▸ Provided entries
════════════════

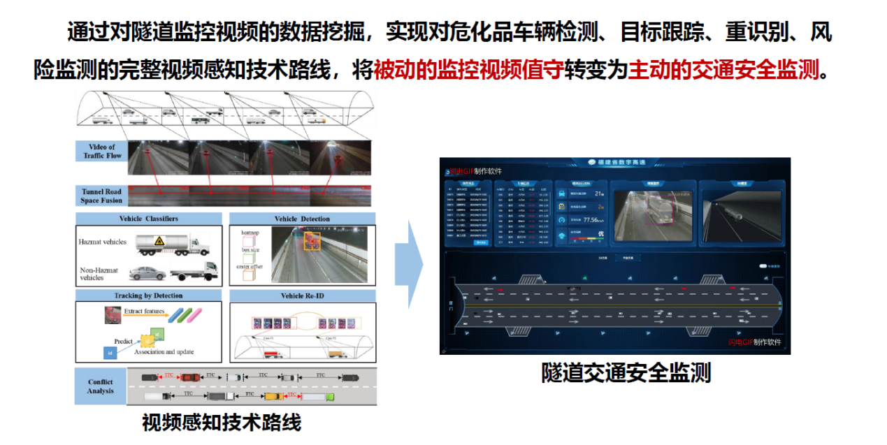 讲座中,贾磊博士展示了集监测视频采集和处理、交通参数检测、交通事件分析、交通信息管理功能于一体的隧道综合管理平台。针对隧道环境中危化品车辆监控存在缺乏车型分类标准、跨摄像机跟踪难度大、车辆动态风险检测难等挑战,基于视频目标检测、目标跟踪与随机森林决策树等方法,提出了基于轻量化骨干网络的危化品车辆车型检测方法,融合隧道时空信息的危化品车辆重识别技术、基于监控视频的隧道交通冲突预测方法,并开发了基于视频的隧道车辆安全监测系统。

════════════════

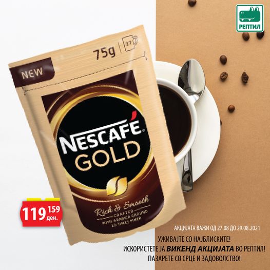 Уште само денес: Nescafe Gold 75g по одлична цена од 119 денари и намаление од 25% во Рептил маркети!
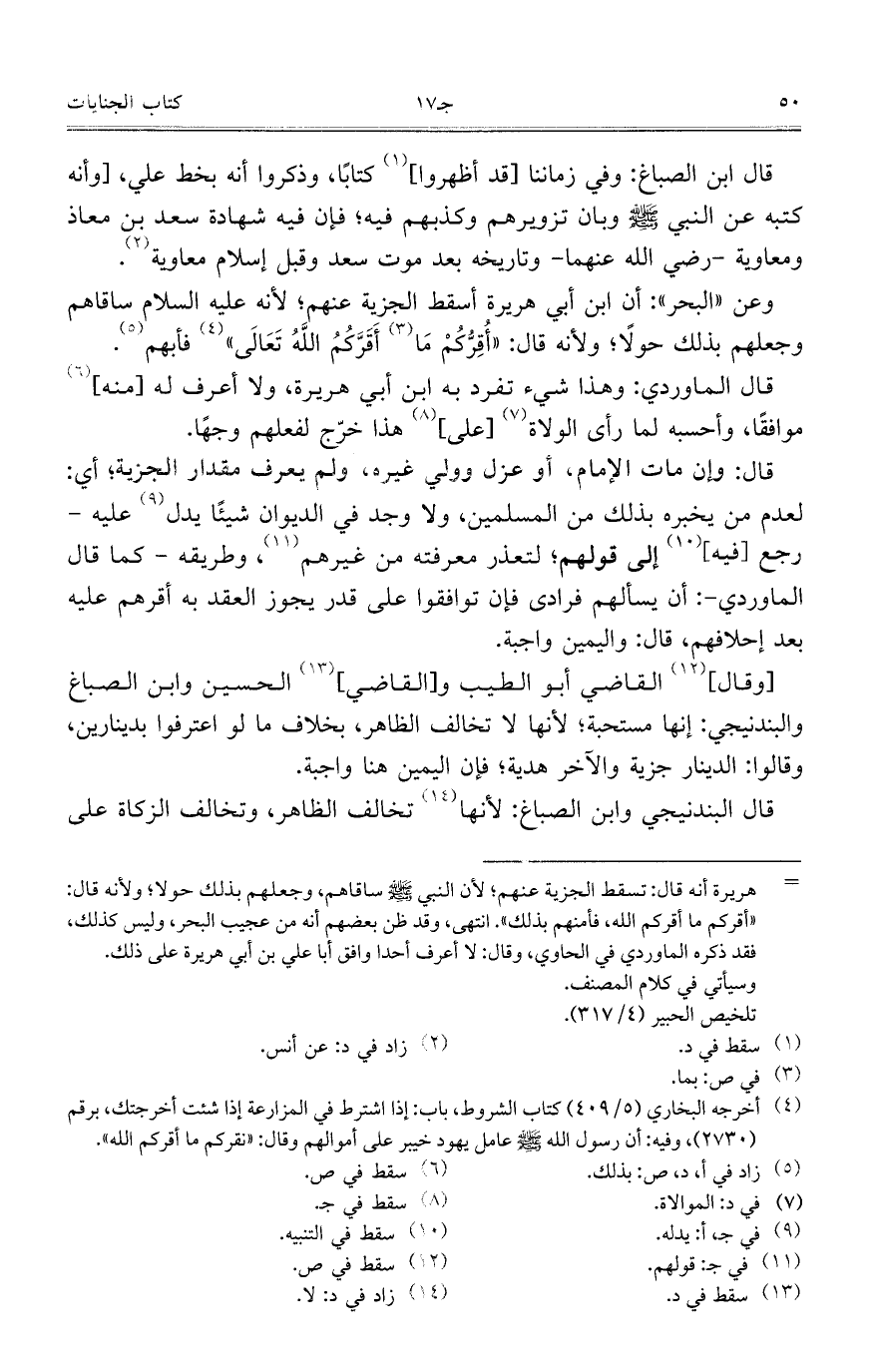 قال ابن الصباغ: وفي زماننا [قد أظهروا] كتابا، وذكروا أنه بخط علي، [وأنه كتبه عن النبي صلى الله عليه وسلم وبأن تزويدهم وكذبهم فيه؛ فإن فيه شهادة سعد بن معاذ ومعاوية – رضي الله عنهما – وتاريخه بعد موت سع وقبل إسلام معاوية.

════════════════

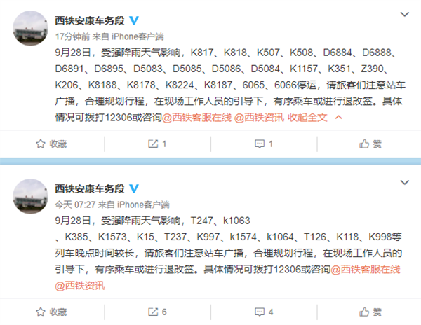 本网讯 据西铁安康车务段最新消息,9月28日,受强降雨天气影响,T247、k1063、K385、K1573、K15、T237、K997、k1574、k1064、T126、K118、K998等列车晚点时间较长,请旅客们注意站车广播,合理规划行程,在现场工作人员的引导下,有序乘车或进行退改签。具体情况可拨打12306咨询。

════════════════

▸ What you have to do
Copy exactly, without pictures, the lines above from the one with "Уште само денес: Nescafe" down to the one with "قال ابن الصباغ: وفي", inclusive.

▸ Solution for this exercise
 Уште само денес: Nescafe Gold 75g по одлична цена од 119 денари и намаление од 25% во Рептил маркети!
 قال ابن الصباغ: وفي زماننا [قد أظهروا] كتابا، وذكروا أنه بخط علي، [وأنه كتبه عن النبي صلى الله عليه وسلم وبأن تزويدهم وكذبهم فيه؛ فإن فيه شهادة سعد بن معاذ ومعاوية – رضي الله عنهما – وتاريخه بعد موت سع وقبل إسلام معاوية.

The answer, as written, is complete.